Records drawn from a dataset:
-=-=-
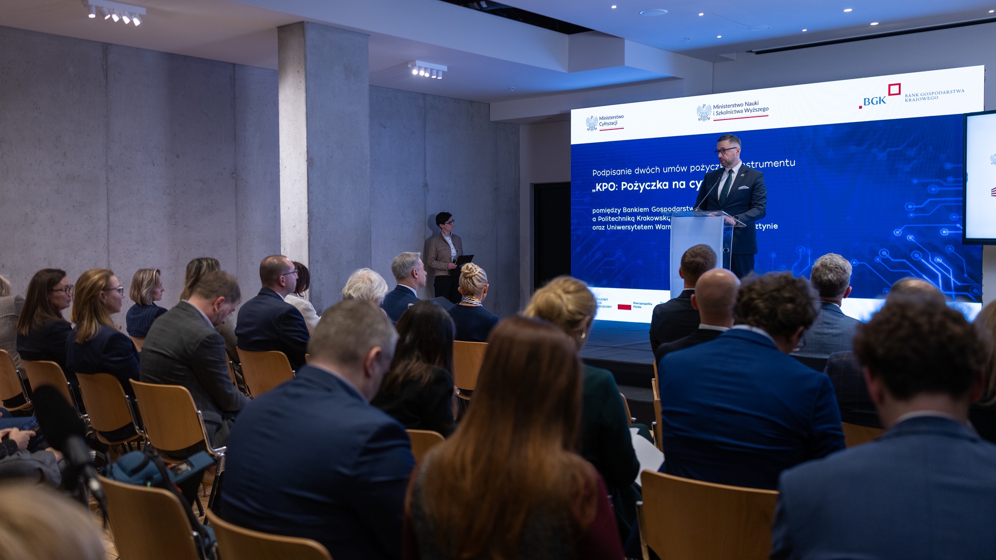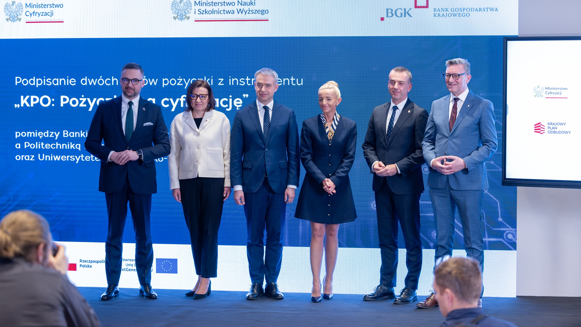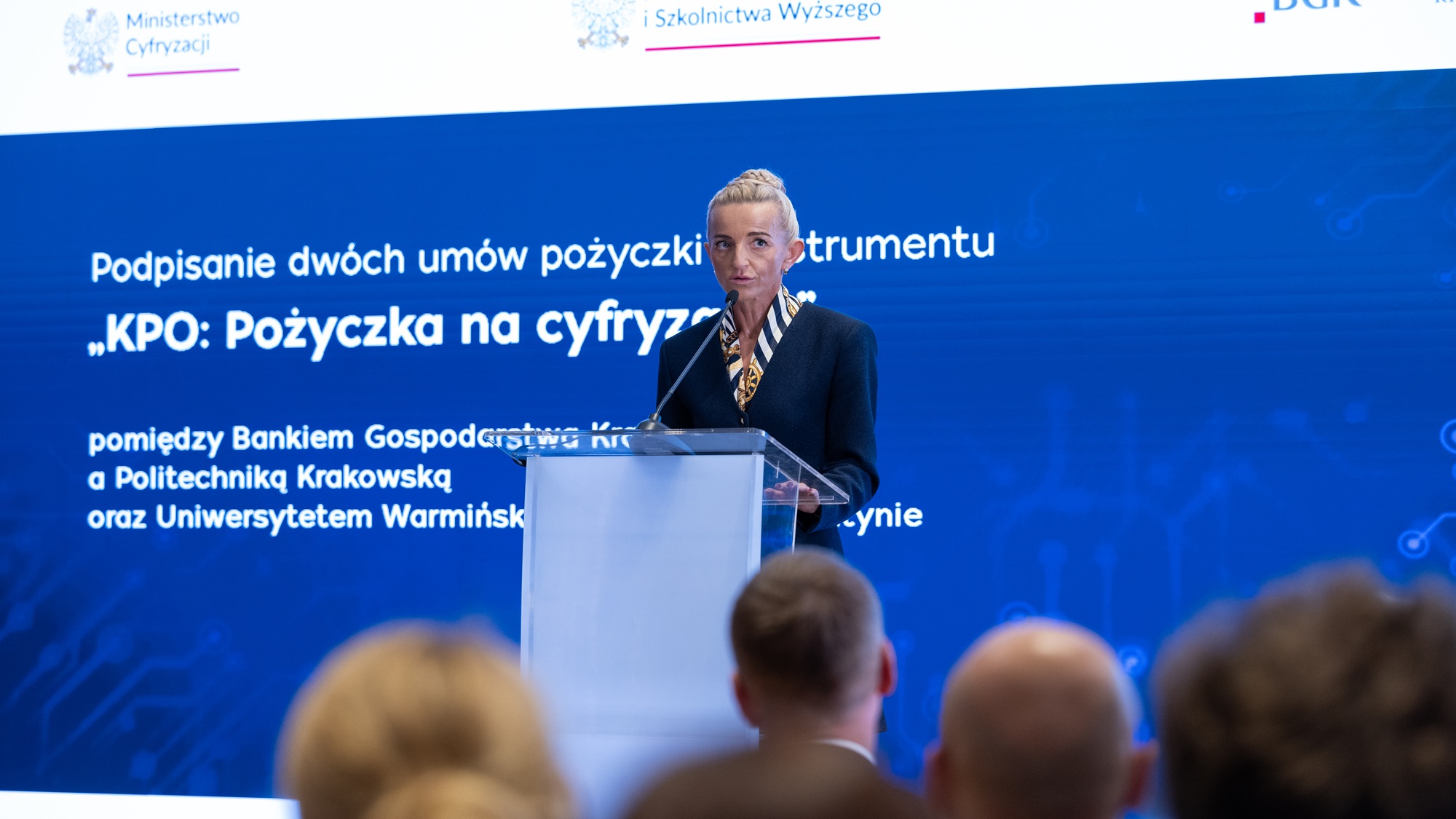 Politechnika Krakowska im. Tadeusza Kościuszki oraz Uniwersytet Warmińsko-Mazurski w Olsztynie jako pierwsze uczelnie w kraju otrzymają finansowanie z instrumentu „Pożyczka na cyfryzację” z Krajowego Planu Odbudowy i Zwiększania Odporności (KPO). Dzięki środkom na blisko 270 mln zł zrealizują ambitne programy unowocześniania swoich systemów i infrastruktury. Umowy podpisał dziś Bank Gospodarstwa Krajowego w obecności wicepremiera i ministra cyfryzacji Krzysztofa Gawkowskiego oraz ministra nauki i szkolnictwa wyższego, Marcina Kulaska.
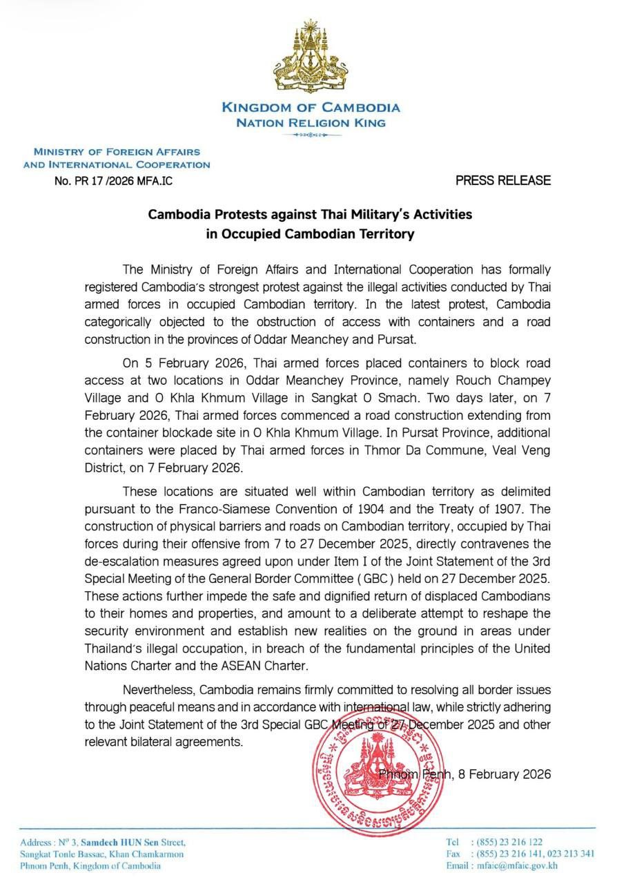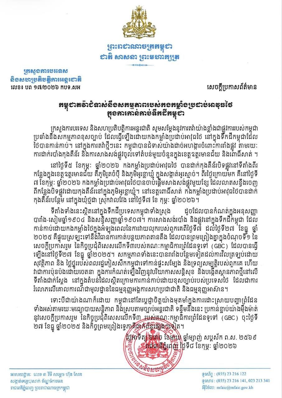 ក្រសួងការបរទេស និងសហប្រតិបត្តិការអន្តរជាតិនៃព្រះរាជាណាចក្រកម្ពុជានៅថ្ងៃទី៨ ខែកុម្ភៈ ឆ្នាំ២០២៦ បានធ្វើការតវ៉ាយ៉ាងខ្លាំងជំទាស់ប្រឆាំងនឹងសកម្មភាពខុសច្បាប់ដែលធ្វើឡើងដោយកងកម្លាំងប្រដាប់អាវុធថៃ ក្នុងការកាន់កាប់ទឹកដីកម្ពុជា តាមរយៈការដាក់របាំងកុងតឺន័រ និងការសាងសង់ផ្លូវចូលទៅតំបន់មួយចំនួនក្នុងខេត្តឧត្ដរមានជ័យ និងពោធិ៍សាត់។
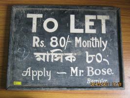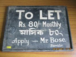 | Description / विवरण | A rectangular black coloured sign board mentions in bold English letters, TOLET. Below it Rs. 80 - monthly and below it in Bengali letters - Masika - 80 - and in last line apply Mr. Bose . Barister is written. |
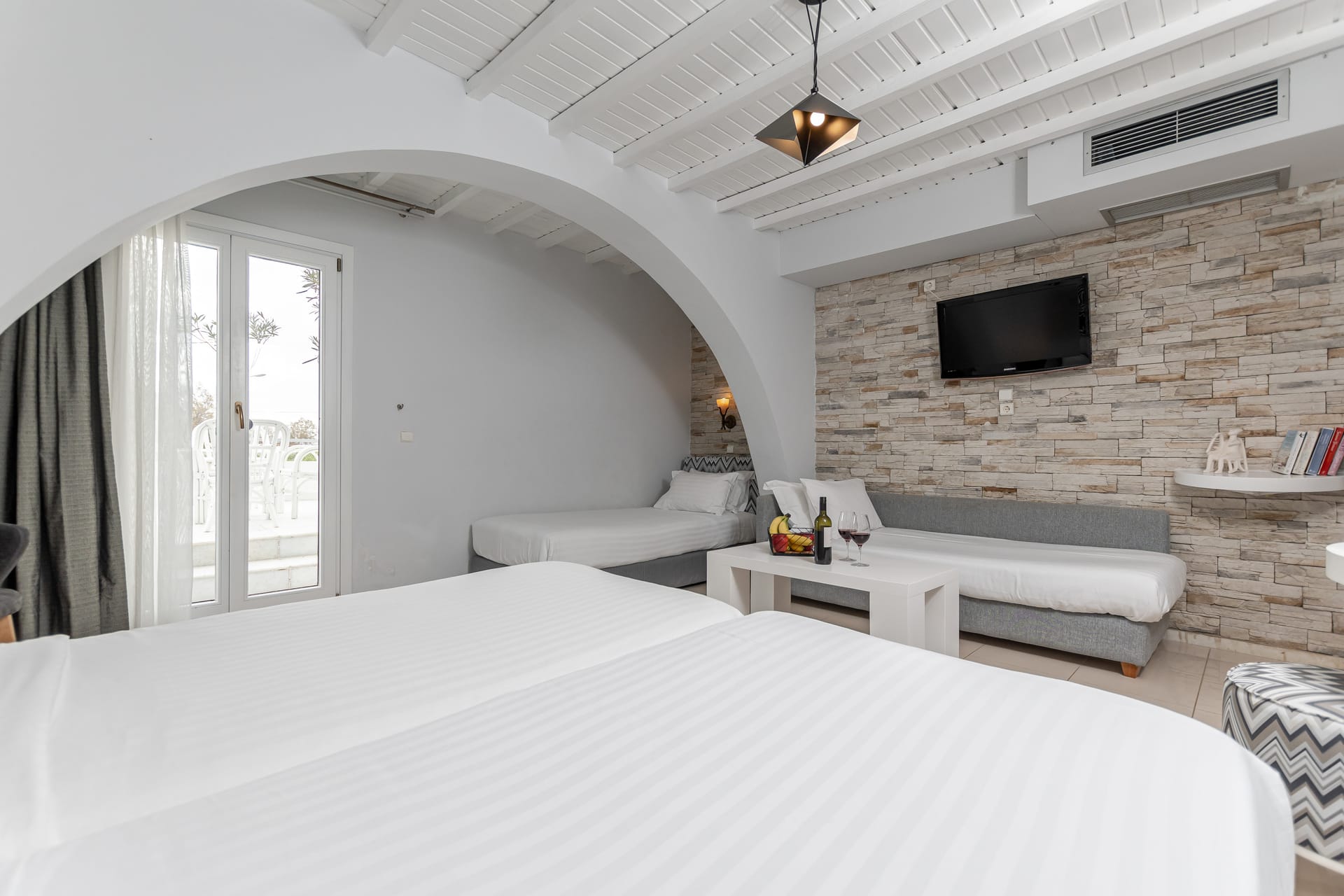 Our Family Room with Pool or Sea view can comfortably accommodate 3 adults plus one child.
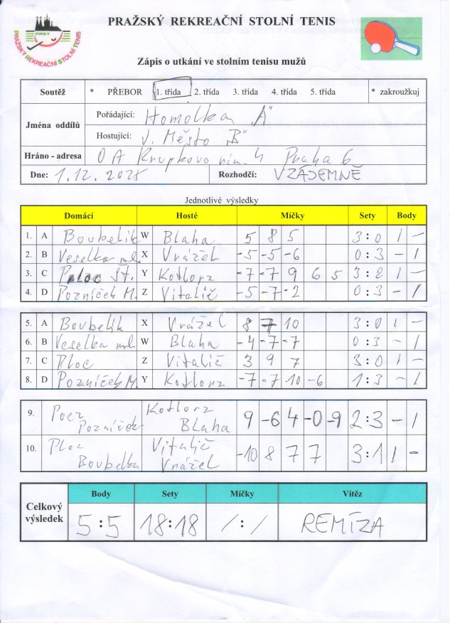 | 4/6 | Nem. Na Homolce A | Attila A | 4 : 6 | po 06.10.2025 18:45 | | | 07.10.2025 11:28 poclan |
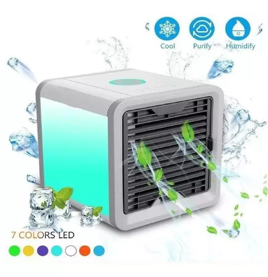 Este Mini Enfriador Portátil es la solución perfecta para mantenerte fresco en cualquier lugar. Con un diseño compacto y ligero, podrás llevarlo contigo a donde vayas. Además, cuenta con funciones de purificador de aire y humidificador, para mejorar la calidad del ambiente en tu hogar u oficina.
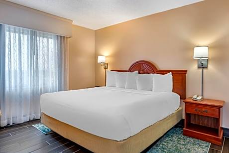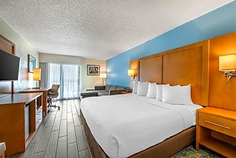 This Daytona Beach hotel is located on the Atlantic coast and offers direct beach access. It features a heated indoor and outdoor pool, and offers rooms with a private balcony. Daytona Lagoon is 1.5 mi away. A 40-inch flat-screen TV with HBO, free WiFi and a free in-room safe are included in every room at Resort Hotel Tropical Winds. The ocean view rooms include a microwave and mini-fridge along with the in-room coffee maker. Guests of Tropical Winds Resort Hotel can enjoy breakfast or lunch at the cafe, read a book from the hotel’s library or spend time in the games room. A business center and a tour desk with local area information are available. Daytona Beach Golf Club is a 15 minutes's drive from the hotel. Daytona International Speedway is a 16 minutes' drive away.
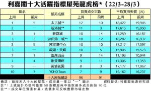 利嘉閣地產董事陳大偉表示,近日一手市場以貨尾銷售為主,暫未有焦點盤推售,購買力續回流二手,加上整體樓市旺勢一直延續,指標屋苑單位放盤不乏買家承接。不過,因應盤源供應越來越少,二手成交量未再有大突破,只維持在高位徘徊。綜合利嘉閣地產分行數據所得,全港十大活躍指標屋苑在上周(22/3–28/3)錄96宗買賣個案,較前周(15/3–21/3)的91宗按周微升5%,平均每個屋苑錄得逾9宗成交。
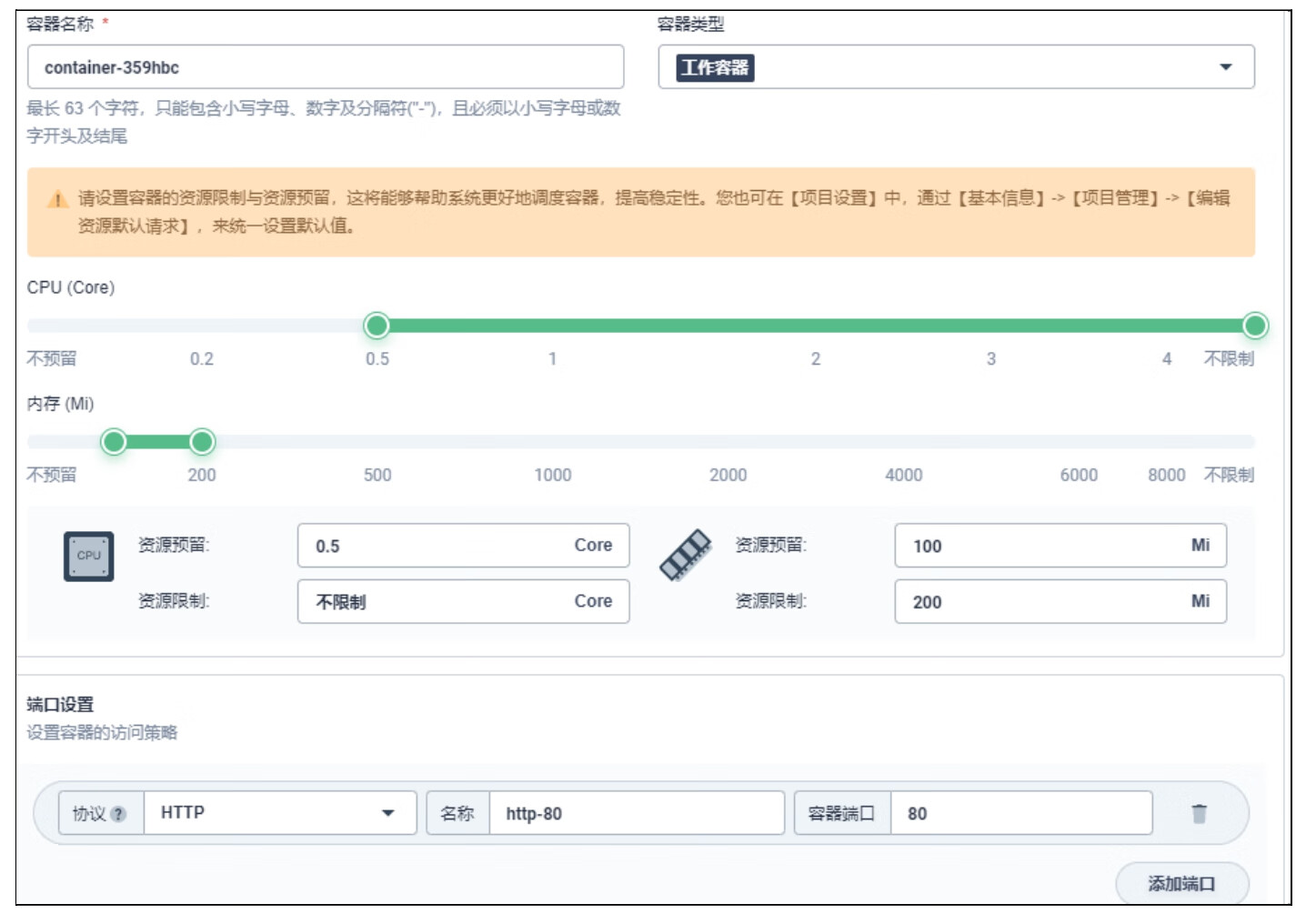 此外,用户还可以进行其他的容器设置,例如容器名称、容器类型、资源限制以及端口设置等,用户可以根据自己的实际情况进行修改,如图12-14所示。
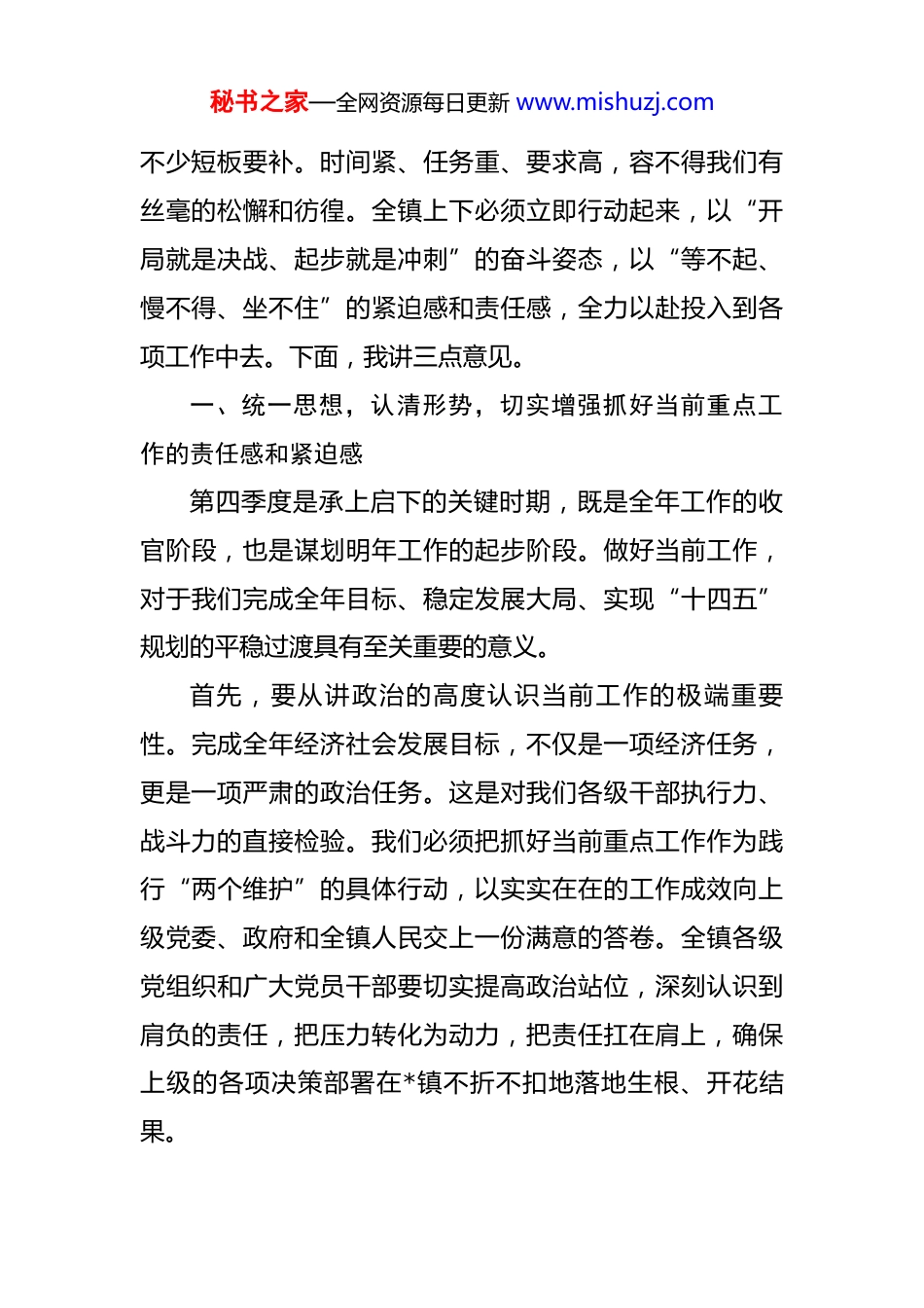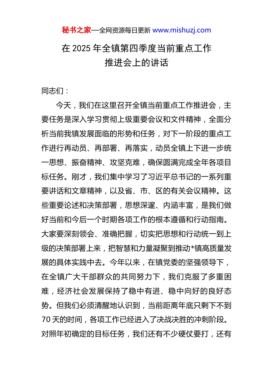 秘书之家—全网资源每日更新 www.mishuzj.com在 2025 年全镇第四季度当前重点工作推进会上的讲话 同志们:今天,我们在这里召开全镇当前重点工作推进会,主要任务是深入学习贯彻上级重要会议和文件精神,全面分析当前我镇发展面临的形势和任务,对下一阶段的重点工作进行再动员、再部署、再落实,动员全镇上下进一步统一思想、振奋精神、攻坚克难,确保圆满完成全年各项目标任务。刚才,我们集中学习了习近平总书记的一系列重要讲话和文章精神,以及省、市、区的有关会议精神。这些重要论述和决策部署,思想深邃、内涵丰富,是我们做好当前和今后一个时期各项工作的根本遵循和行动指南。大家要深刻领会、准确把握,切实把思想和行动统一到上级的决策部署上来,把智慧和力量凝聚到推动*镇高质量发展的具体实践中去。今年以来,在镇党委的坚强领导下,在全镇广大干部群众的共同努力下,我们克服了多重困难,经济社会发展保持了稳中有进、稳中向好的良好态势。但我们必须清醒地认识到,当前距离年底只剩下不到70 天的时间,各项工作已经进入了决战决胜的冲刺阶段。对照年初确定的目标任务,我们还有不少硬仗要打,还有秘书之家—全网资源每日更新 www.mishuzj.com不少短板要补。时间紧、任务重、要求高,容不得我们有丝毫的松懈和彷徨。全镇上下必须立即行动起来,以“开局就是决战、起步就是冲刺”的奋斗姿态,以“等不起、慢不得、坐不住”的紧迫感和责任感,全力以赴投入到各项工作中去。下面,我讲三点意见。一、统一思想,认清形势,切实增强抓好当前重点工作的责任感和紧迫感第四季度是承上启下的关键时期,既是全年工作的收官阶段,也是谋划明年工作的起步阶段。做好当前工作,对于我们完成全年目标、稳定发展大局、实现“十四五”规划的平稳过渡具有至关重要的意义。首先,要从讲政治的高度认识当前工作的极端重要性。完成全年经济社会发展目标,不仅是一项经济任务,更是一项严肃的政治任务。这是对我们各级干部执行力、战斗力的直接检验。我们必须把抓好当前重点工作作为践行“两个维护”的具体行动,以实实在在的工作成效向上级党委、政府和全镇人民交上一份满意的答卷。全镇各级党组织和广大党员干部要切实提高政治站位,深刻认识到肩负的责任,把压力转化为动力,把责任扛在肩上,确保上级的各项决策部署在*镇不折不扣地落地生根、开花结果。秘书之家—全网资源每日更新 www.mishuzj.com其次,要从谋发展的维度把握当前工作的现实紧迫性。当前,区域竞争日趋激烈,发展如逆水行舟,不进则退,慢进亦退。虽然今年我镇在项目建设、产业发展等方面取得了一些成绩,但与先进地区相比,我们的发展基础依然薄弱,产业结构仍需优化,增长后劲尚显不足。特别是对照高质量发展的要求,我们在民生保障、生态环境、社会治理等方面还存在诸多差距。如果我们不能在第四季度迎头赶上,奋力一搏,不仅会影响全年的整体评价,更可能在未来的区域发展格局中处于被动地位。因此,我们必须牢固树立“慢走一步、差之千里”的危机意识,紧紧抓住项目建设这个“牛鼻子”,持续优化营商环境,全力以赴稳增长、促发展。最后,要从惠民生的角度理解当前工作的核心指向性。发展的根本目的是人民。我们工作的出发点和落脚点,就是要不断满足人民群众对美好生活的向往。当前我们推进的地质灾害避险搬迁、小额信贷清收、安全生产、环境整治等工作,每一项都与群众的切身利益息息相关。地灾搬迁关系到群众的生命财产安全,信贷清收关系到金融生态和群众信用,安全生产是不可逾越的红线,环境整治直接决定着群众的生活品质。这些工作做得好不好,直接关系到群众的获得感、幸福感、安全感,也直接考验着秘书之家—全网资源每日更新 www.mishuzj.com我们的初心使命。我们必须始终坚持以人民为中心的发展思想,用心用情用力解决好群众的急难愁盼问题,让发展的成果更多更公平地惠及全体人民。二、聚焦重点,聚力突破,全力推动各项工作任务落地见效目标已经明确,关键在于落实。全镇上下要牢固树立“一盘棋”思想,紧盯目标任务,聚焦关键环节,以钉钉子精神逐项抓好落实。(一)着力强化党建引领,...
-=-=-
-- EXERCISE DETAILS --
Beginning at the line above that contains "11:28 poclan |", repeat each line exactly through the one that contains "此外,用户还可以进行其他的容", and leave out the pictures.

-- EXERCISE OUTPUT --
 | 4/6 | Nem. Na Homolce A | Attila A | 4 : 6 | po 06.10.2025 18:45 | | | 07.10.2025 11:28 poclan |
 Este Mini Enfriador Portátil es la solución perfecta para mantenerte fresco en cualquier lugar. Con un diseño compacto y ligero, podrás llevarlo contigo a donde vayas. Además, cuenta con funciones de purificador de aire y humidificador, para mejorar la calidad del ambiente en tu hogar u oficina.
 This Daytona Beach hotel is located on the Atlantic coast and offers direct beach access. It features a heated indoor and outdoor pool, and offers rooms with a private balcony. Daytona Lagoon is 1.5 mi away. A 40-inch flat-screen TV with HBO, free WiFi and a free in-room safe are included in every room at Resort Hotel Tropical Winds. The ocean view rooms include a microwave and mini-fridge along with the in-room coffee maker. Guests of Tropical Winds Resort Hotel can enjoy breakfast or lunch at the cafe, read a book from the hotel’s library or spend time in the games room. A business center and a tour desk with local area information are available. Daytona Beach Golf Club is a 15 minutes's drive from the hotel. Daytona International Speedway is a 16 minutes' drive away.
 利嘉閣地產董事陳大偉表示,近日一手市場以貨尾銷售為主,暫未有焦點盤推售,購買力續回流二手,加上整體樓市旺勢一直延續,指標屋苑單位放盤不乏買家承接。不過,因應盤源供應越來越少,二手成交量未再有大突破,只維持在高位徘徊。綜合利嘉閣地產分行數據所得,全港十大活躍指標屋苑在上周(22/3–28/3)錄96宗買賣個案,較前周(15/3–21/3)的91宗按周微升5%,平均每個屋苑錄得逾9宗成交。
 此外,用户还可以进行其他的容器设置,例如容器名称、容器类型、资源限制以及端口设置等,用户可以根据自己的实际情况进行修改,如图12-14所示。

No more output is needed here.